# Audi Smartphone Interface Retrofit – not for TT RS??



## MKranz (May 14, 2000)

Just picked up a new 2019 TT RS, without the Technology package. ($3500 seemed damn steep to me.) Anyway, have found the MMI interface a little lacking, and I miss CarPlay from my last car. I see that Audi sells the Smartphone Interface for retrofit. However, the webpage at parts.audiusa.com indicates that it's not compatible with the TT RS; only the TT (and I would presume, the TT S as well.) Does this make sense to anyone? Is there something so different about the RS's MMI or whatever that makes it incompatible?


----------



## Vegas-RoadsTTer (Mar 17, 2013)

*I've investigated this for the base TT*



MKranz said:


> Just picked up a new 2019 TT RS, without the Technology package. ($3500 seemed damn steep to me.) Anyway, have found the MMI interface a little lacking, and I miss CarPlay from my last car. I see that Audi sells the Smartphone Interface for retrofit. However, the webpage at parts.audiusa.com indicates that it's not compatible with the TT RS; only the TT (and I would presume, the TT S as well.) Does this make sense to anyone? Is there something so different about the RS's MMI or whatever that makes it incompatible?
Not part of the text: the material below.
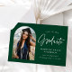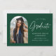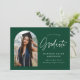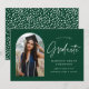 Anúncio de graduação da Tendy com a foto do formando enquadrada por um arco verde com "Formando" em um roteiro manuscrito branco. Personalize a frente do cartão de anúncio de graduação em março adicionando o nome do formando, o ano de graduação, o nome da escola e os planos futuros. O anúncio de graduação de fotos é revertido para exibir um padrão pontilhado verde e branco. O anúncio é adequado para formandos de segundo grau e de faculdade.

I've been shopping for a 2016 TT roadster and was concerned that I might eventually want the Smartphone interface which was not offered on the 2016 MY in the US so I'd have to get a 2017MY for that feature. After investigation, I found a Smartphone retrofit for the 2016 TT on the Audi GMBH site. To my knowledge, the retrofit you speak of only applies to TTs that have the Technology Package which did not include the Smartphone interface, specifically the 2016 TT and TTS with the Technology Package option. The cost is about $500. That is, a retrofit for a Mk 3 TT/TTS/TTRS without the Technology Package does not exist which is why you are not seeing it because all TTRS sold in the US with the Technology Package have the smartphone interface and thus the retrofit is not needed.


However, to be certain, call you Service Manager to investigate.


----------



## HeyNowSkippy (Apr 16, 2019)

Well that kinda stinks. Is it possible to retrofit the part of the Tech package that would include nav and the smartphone interface? Not cheap, I’m sure. But possible?


----------



## HeyNowSkippy (Apr 16, 2019)

Good news, my sales guy tells me that Smartphone Interface is in fact able to be retrofitted. $399 + 3 hours labor. 


Sent from my iPhone using Tapatalk


----------